Aim of the exercise:
For the listing that follows, give again exactly the lines from the one with "Mali Isus Hrist" to the one with "ggplot(model_data, aes(x =wealth, y", including both.

Dataset content:
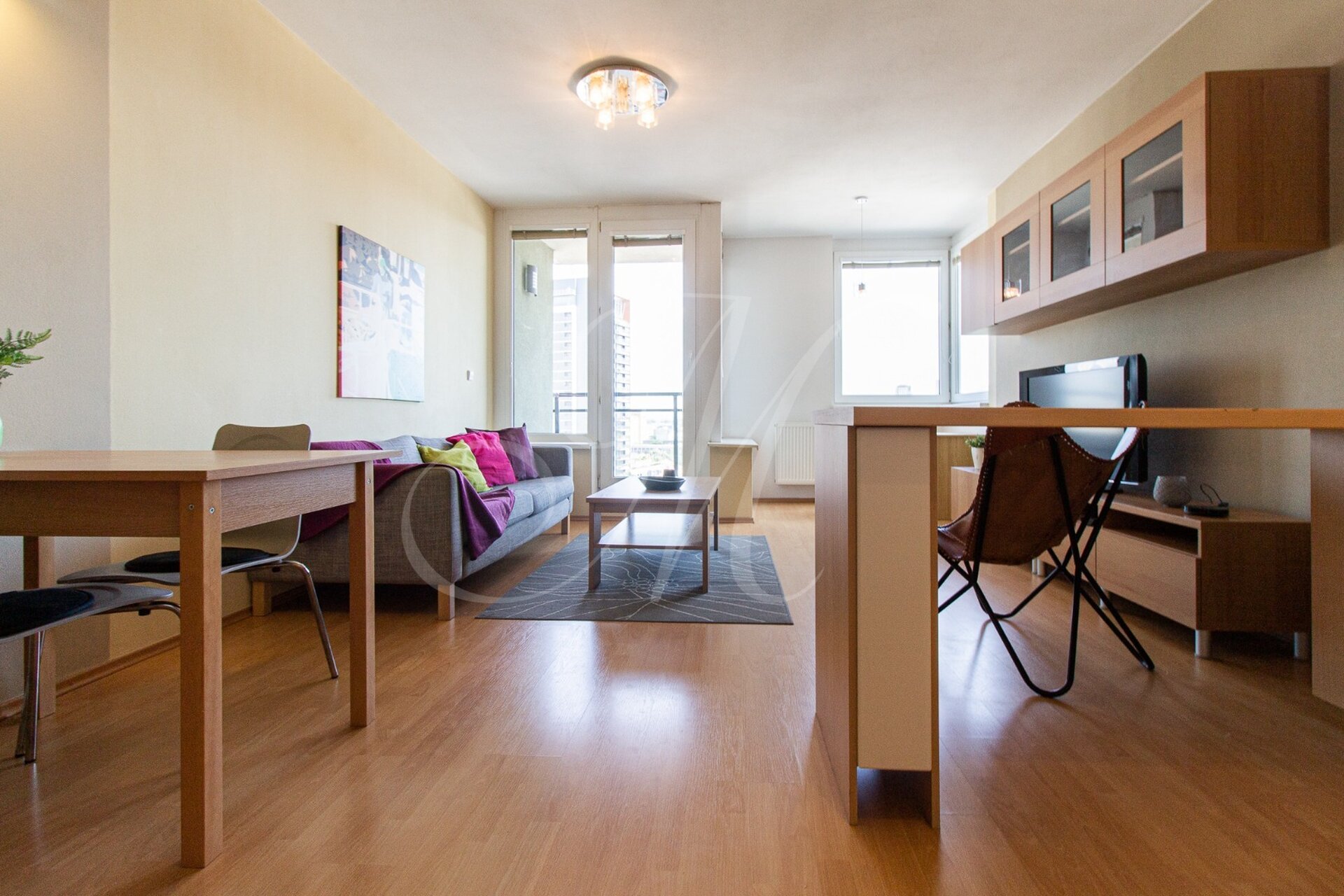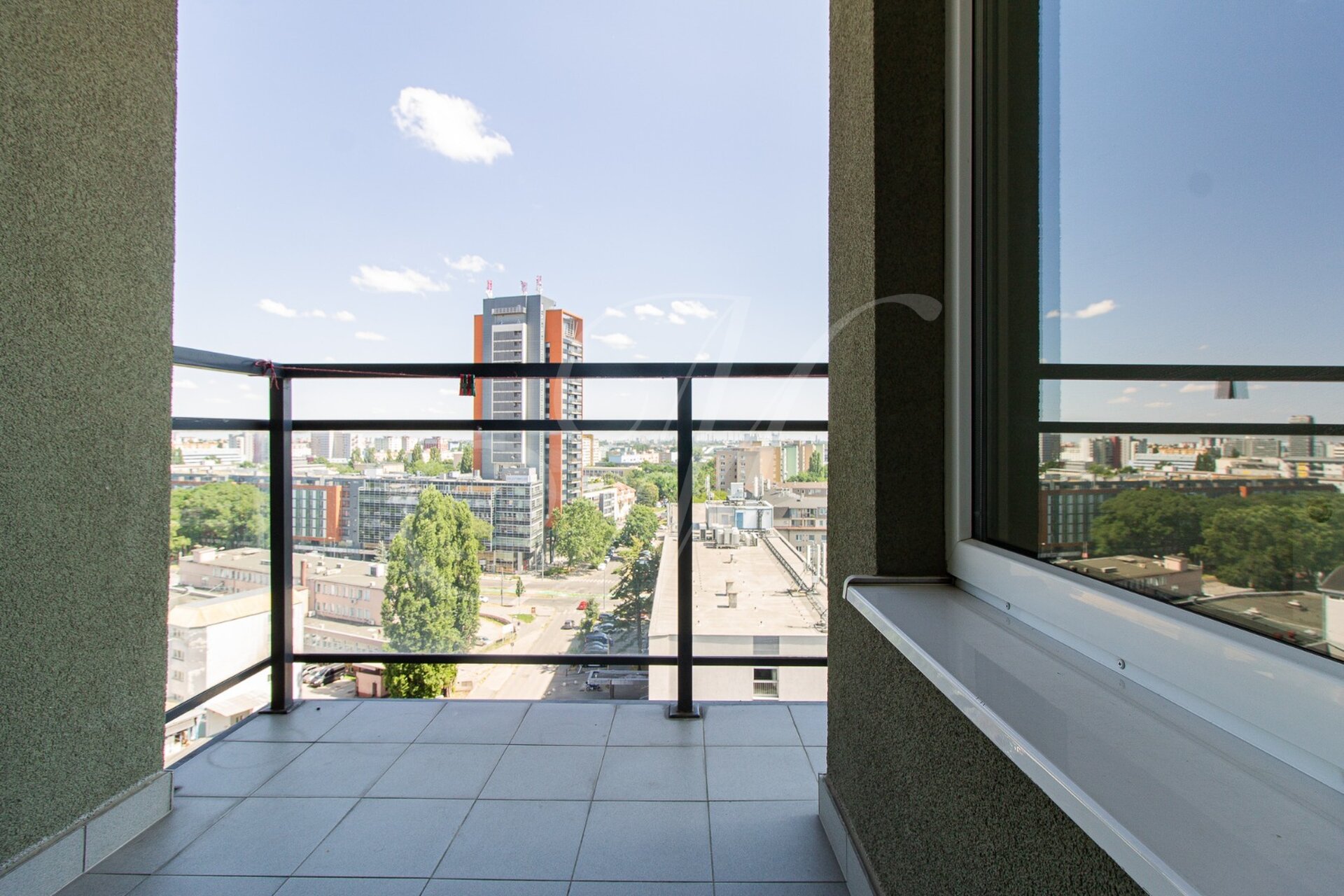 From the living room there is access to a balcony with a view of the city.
* * *
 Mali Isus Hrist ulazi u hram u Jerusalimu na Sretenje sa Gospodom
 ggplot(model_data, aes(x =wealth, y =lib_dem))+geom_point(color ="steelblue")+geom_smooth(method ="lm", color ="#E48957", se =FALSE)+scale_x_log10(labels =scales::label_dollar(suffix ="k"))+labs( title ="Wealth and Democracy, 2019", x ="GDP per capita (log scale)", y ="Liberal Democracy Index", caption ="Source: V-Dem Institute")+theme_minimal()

Task result:
 Mali Isus Hrist ulazi u hram u Jerusalimu na Sretenje sa Gospodom
 ggplot(model_data, aes(x =wealth, y =lib_dem))+geom_point(color ="steelblue")+geom_smooth(method ="lm", color ="#E48957", se =FALSE)+scale_x_log10(labels =scales::label_dollar(suffix ="k"))+labs( title ="Wealth and Democracy, 2019", x ="GDP per capita (log scale)", y ="Liberal Democracy Index", caption ="Source: V-Dem Institute")+theme_minimal()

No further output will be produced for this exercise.